If the retrieved chunks are adjacent-but-not-quite, the answer was split at a boundary: fix boundary detection. If they are topically correct but incomplete, you have context loss: fix heading prepending or chunk size. If they are entirely off-topic, the problem is query-document mismatch, which is an embedding or indexing issue. Each failure mode has a different fix, and manual inspection of 20 examples tells you which one you are dealing with.
def evaluate_chunk_recall(query_fn, golden_set, k=5):
"""
golden_set: list of (query_str, [ground_truth_chunk_ids])
query_fn: callable(query_str, k) -> [chunk_ids]
Returns: recall@k as float
"""
hits = 0
for query, ground_truth_ids in golden_set:
retrieved = query_fn(query, k)
if any(gt in retrieved for gt in ground_truth_ids):
hits += 1
return hits / len(golden_set)
# Example output after switching chunking strategies on a 150-query golden set:
# Fixed-size 512: recall@5 = 0.52
# Sentence-boundary: recall@5 = 0.61
# Heading-based: recall@5 = 0.78
# Clause-level (legal corpus): recall@5 = 0.84
The counter-intuitive thing about better embedding models
Better embedding models do improve retrieval. Newer models, fine-tuned on domain-specific text, produce more discriminative vectors for complex queries. The improvement is real. But it is marginal on structurally broken chunks.

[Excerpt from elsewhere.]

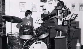 auch noch tanzbeinschwingende Töne aus seinem Akkordeon zu locken. Mit Dietmar Hagemeyer als "Drummer von Weltformat" und zugleich Schulkamerad an der Seite wurde eine Tanzkapelle

A better embedding model will not fix a chunk that cuts off a sentence mid-thought. It will not fix a table whose column headers sit in a different chunk from its values. It will not reconstruct a legal clause whose operative definition is three chunks upstream. The vectors it produces will still be wrong, just slightly less wrong.
Fix chunking before evaluating your embedding model. Once chunking is solid, you get a clean signal on whether the model is the remaining bottleneck. Most teams that upgrade their embedding model after fixing chunking see modest additional gains, because chunking was carrying most of the failure load. A few see substantial gains, which tells them the model was also a bottleneck. Either way, you have now separated the variables.
Where to start
If your RAG pipeline is in production and recall is mediocre, here is the sequence:
- Build a 100-query golden set and measure chunk recall at k=5. This takes half a day and gives you a baseline to reason from.
- Manually inspect 20 failing queries. Categorise each: boundary split, context loss, table destruction, or cross-reference breakage.
- Match the failure mode to a chunking fix: boundary detection, heading-based chunking, layout-aware PDF extraction, or clause-level splitting for legal text.
- Re-ingest a sample corpus with the new strategy and re-run your golden set. Do not re-index everything until the sample shows measurable recall improvement.
- Only after chunk recall is above 0.75 at k=5, evaluate whether a different embedding model or a reranker is the next lever to pull.
Most pipelines see 25-40% improvement in chunk recall from fixing chunking alone, without touching the embedding model. The work is not glamorous. There is no model swap to announce. But it is where the failure usually is.